One of the most common errors you’ll see when working with Power Query in Power BI or Excel is this:
Expression.Error: The key didn’t match any rows in the table
It can occur with almost any data source and in a wide variety of different circumstances, and for new users of Power Query it can be very confusing. In this post I’ll explain what the error message means and when you’re likely to encounter it using a simple example.
TL;DR You’re probably getting this error because your Power Query query is trying to connect to a table or worksheet or something in your data source that has been deleted or been renamed.
Say you have an Excel workbook with three worksheets in called Sheet1, Sheet2 and Sheet3:
On Sheet1 there’s some data you want to load into Power BI or Excel using Power Query:
It’s very easy to do this: after you click on the Excel data source and select your Excel workbook, you see the Navigator window with the contents of the workbook and select Sheet1:
…click OK and your query is ready:
What actually happens in this query though? If you click on each of the four steps in the Applied Steps pane on the right-hand side of the screen, you’ll see what each step does. In particular, notice that the first step in the query (called Source) returns a table with one row for each worksheet, table and named range in the workbook:
This is something that happens with many types of data source: after you have connected you have to choose what data inside the data source you want to connect to in the first step, and the list of things you can connect to is returned in a table. This table lists the same things displayed in the Navigator dialog shown above. In the same way, if you connect to a SQL Server database this first step returns a table with all the tables and views in the database; if you connect to an OData feed the first step shows all the resources available through the feed.
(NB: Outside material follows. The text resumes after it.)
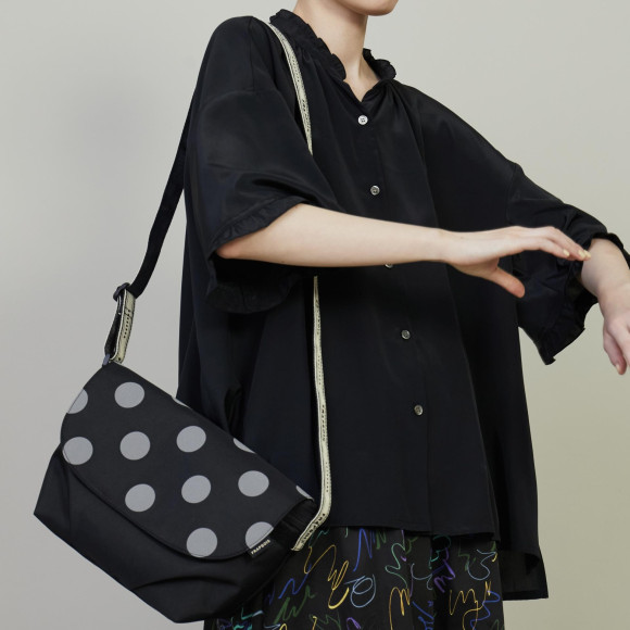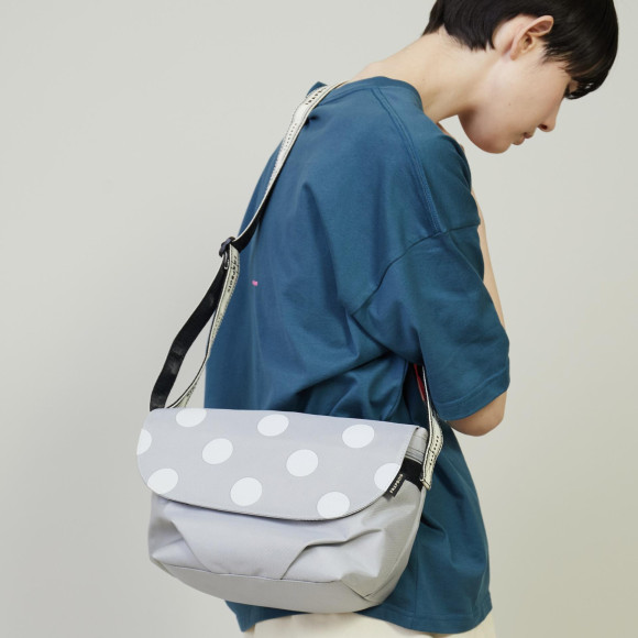 デザイン:程よい大きさのメッセンジャーバッグは肩紐のロゴテープがインパクトをつくっています。フロントのドットプリントも反射材(リフレクト)プリントで光を反射させます。

The other thing to notice in the table in the screenshot is the Data column, which contains nested table values. If you were to click on one of these nested tables you would navigate to the data in the worksheet named on that row and that is in fact what the second step in the query does.
If you want to understand how the code in the second step of this query gets the contents of the cell containing the nested table, I have a blog post here that goes into a lot more detail. Basically the second step (called Sheet1_Sheet in the code, but shown as Navigation in the Applied Steps pane) returns the nested table in the Data column from the row in the table where the Item column contains the value “Sheet1” and the Kind column contains the value “Sheet”. It’s the contents of the Item and Kind columns that are used to identify the row in the table that contains the data you want to see – in database terminology these columns are the key columns on the table.
What happens if you change the name of the worksheet that contains the data you want, from “Sheet1” to “Hello”?
The result is that the first step of the query now returns a table that looks like this:
Since there isn’t a row where the Item column contains “Sheet1” any more, the second step can no longer find the row it’s looking for – the key value it’s looking for no longer exists in the table – which is why you see the error message you do:
There are two ways to fix the error:
Go to the Excel workbook and change the name of the sheet called “Hello” back to “Sheet1” or
In either the Advanced Editor or the Formula Bar edit the M code and replace the reference to “Sheet1” with “Hello” in the second step of the query:
In summary, when you’re working with data sources in Power Query you need to be aware that if something in your data source is renamed or deleted then your query will break. You can of course write some clever M code to deal with situations like this but my recommendation is to try to fix the problem in the data source and not in your query.